_Exercise brief_
Give back the whole listing verbatim, printing none of its pictures.
━━━━━ Information supplied
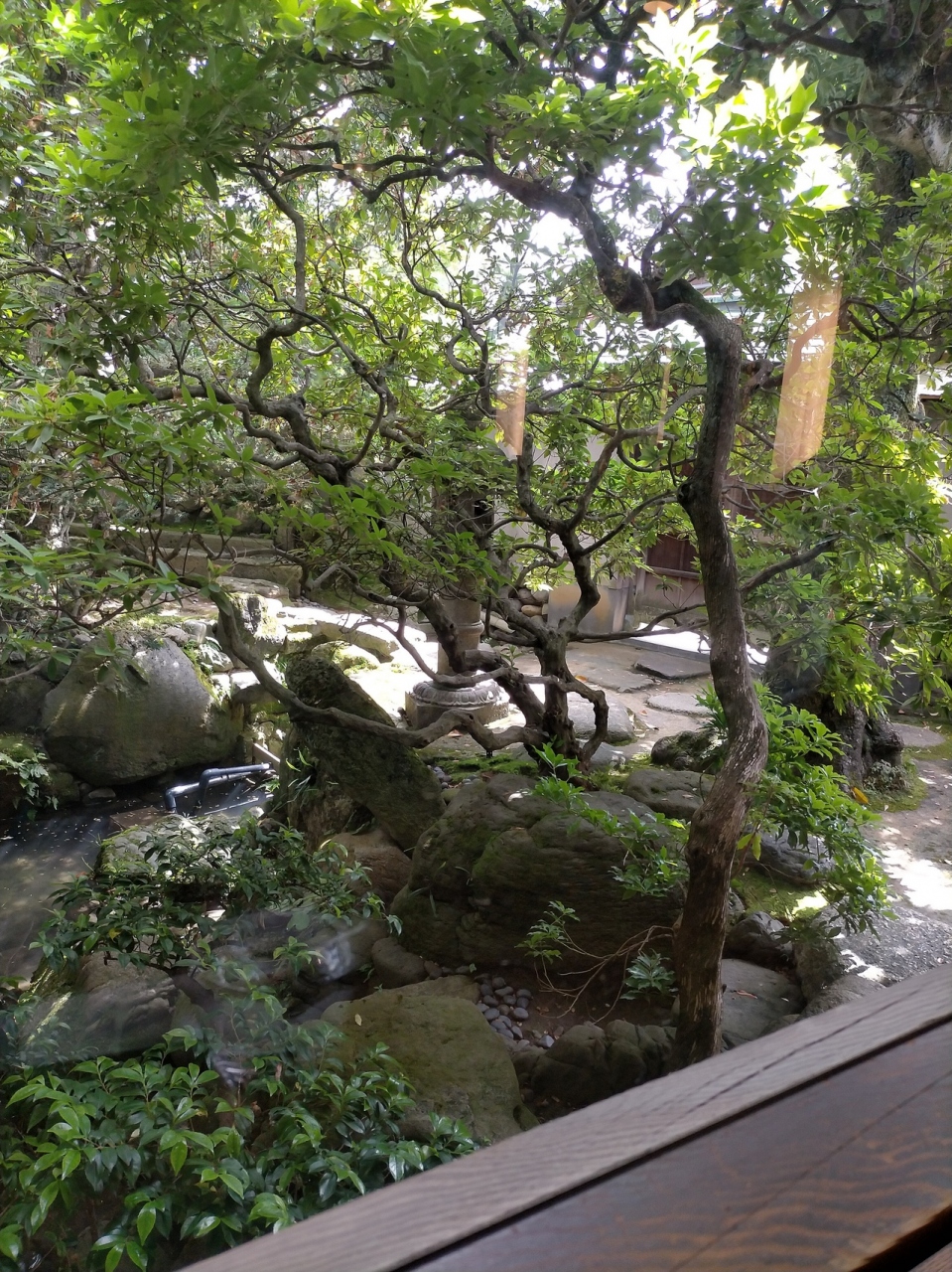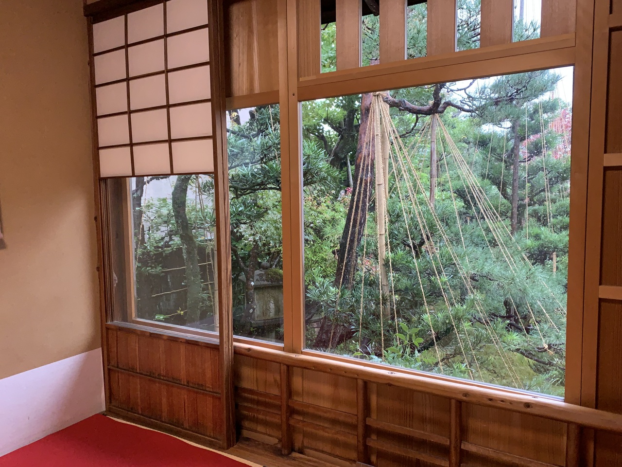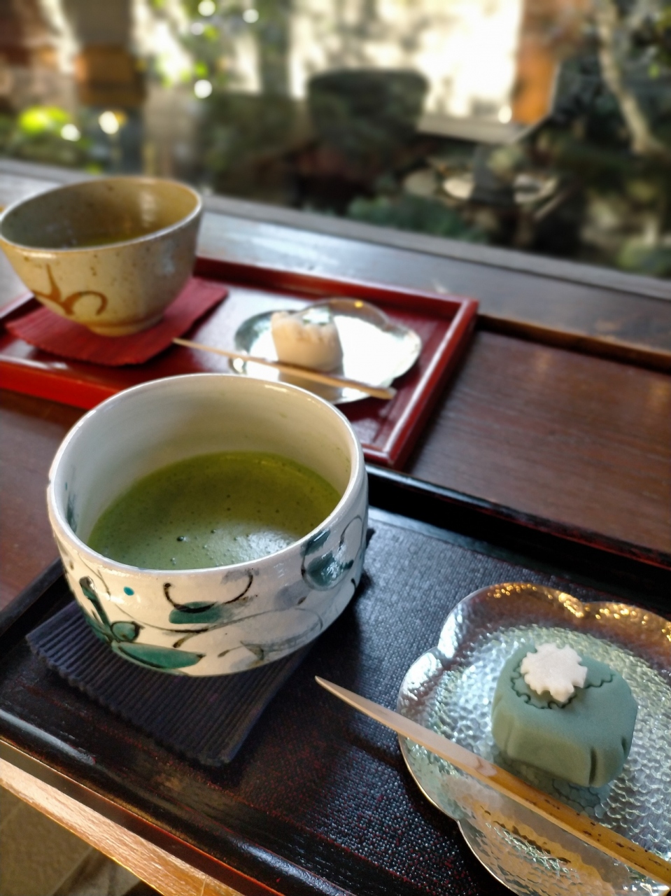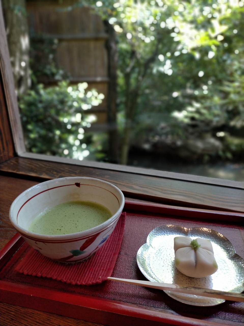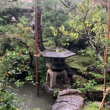 和菓子屋のカフェから庭の一部を見ることができます
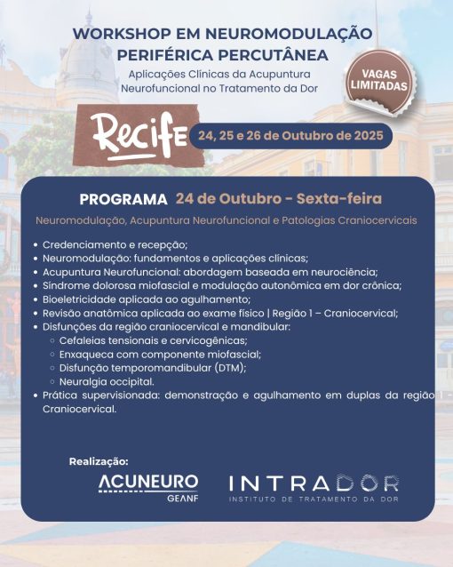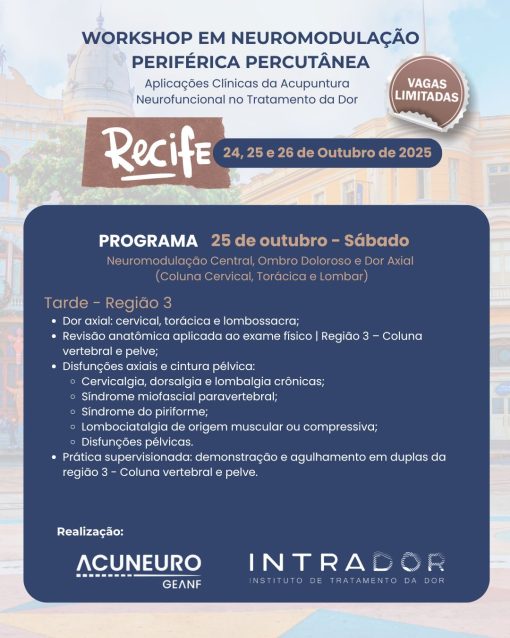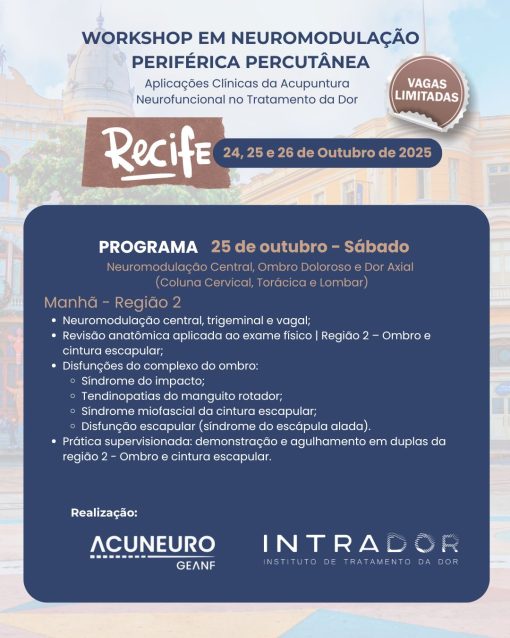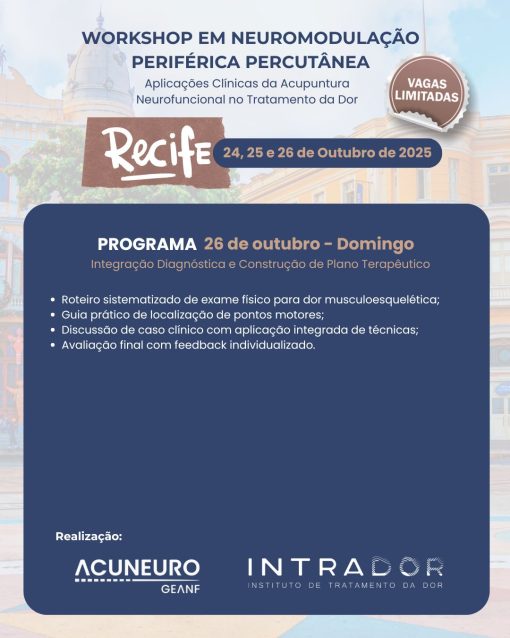 Objetivo: Capacitar o médico a realizar neuromodulação periférica por meio de agulhamento direcionado, com base em evidências neurofisiológicas e aplicação prática nas principais patologias de dor musculoesquelética e disfunção neuromotora.
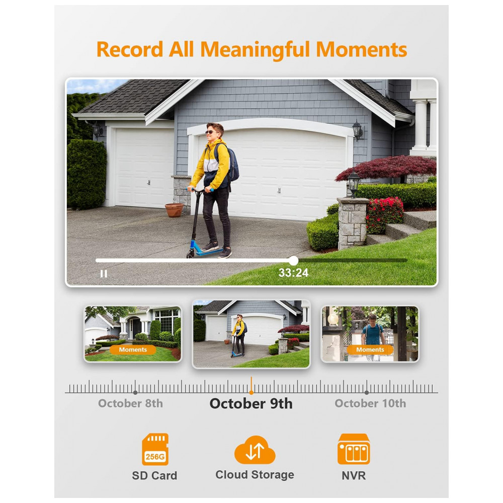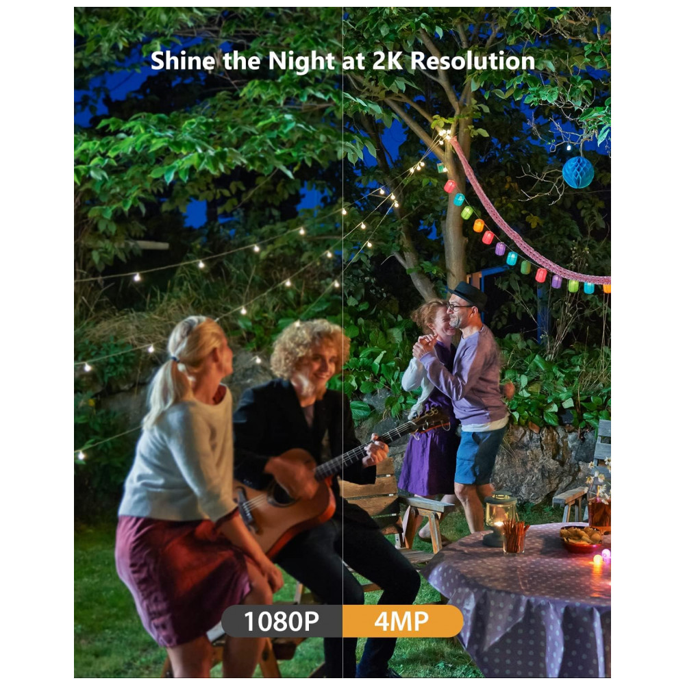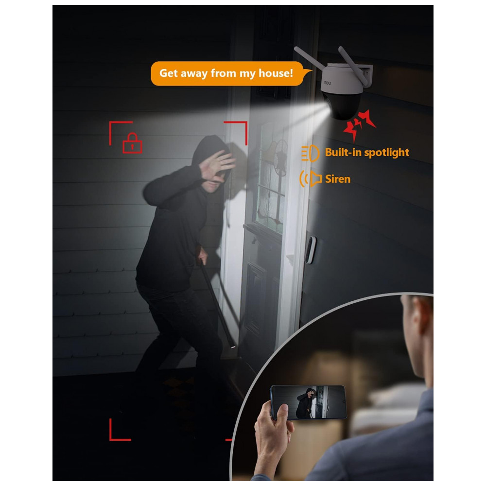 ALARME DE SANGUE E SOM Esta câmera externa será ativada no momento em que o movimento humano for detectado. Em seguida, liga automaticamente a mini luz de inundação, al a sirene de segurança, grava a cena e envia alertas para o seu smartphone. Abafar qualquer crime no berço
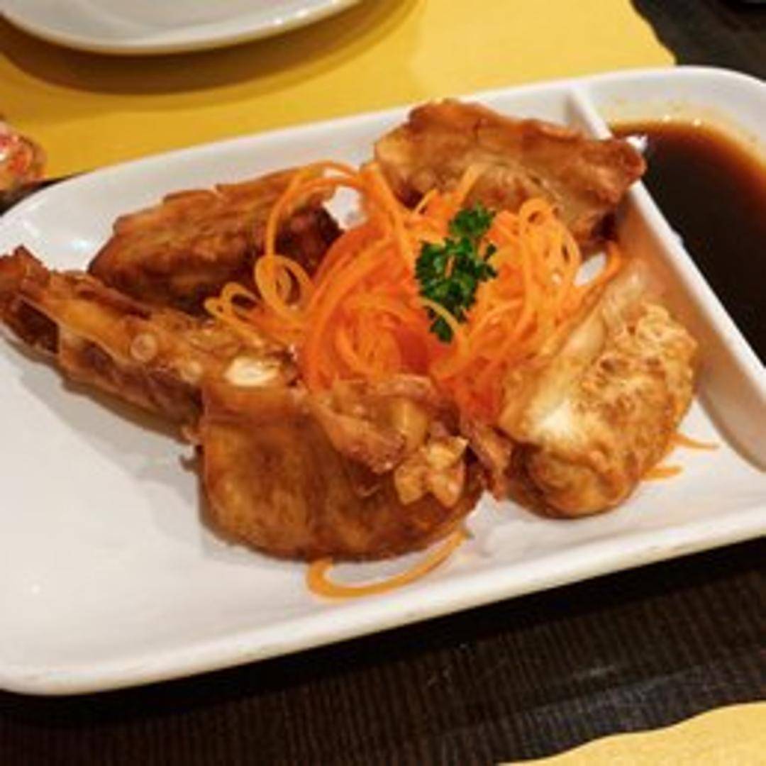 Delicately crafted dumplings, a perfect start to your meal. These tender parcels are typically filled with a savory mixture of seasoned ground chicken and shrimp, either steamed to a succulent perfection or lightly pan-fried for a crispy exterior. Served with a traditional soy-based dipping sauce, they offer a delightful burst of flavor in every bite.
━━━━━━━━━━
_Exercise output_
 和菓子屋のカフェから庭の一部を見ることができます
 Objetivo: Capacitar o médico a realizar neuromodulação periférica por meio de agulhamento direcionado, com base em evidências neurofisiológicas e aplicação prática nas principais patologias de dor musculoesquelética e disfunção neuromotora.
 ALARME DE SANGUE E SOM Esta câmera externa será ativada no momento em que o movimento humano for detectado. Em seguida, liga automaticamente a mini luz de inundação, al a sirene de segurança, grava a cena e envia alertas para o seu smartphone. Abafar qualquer crime no berço
 Delicately crafted dumplings, a perfect start to your meal. These tender parcels are typically filled with a savory mixture of seasoned ground chicken and shrimp, either steamed to a succulent perfection or lightly pan-fried for a crispy exterior. Served with a traditional soy-based dipping sauce, they offer a delightful burst of flavor in every bite.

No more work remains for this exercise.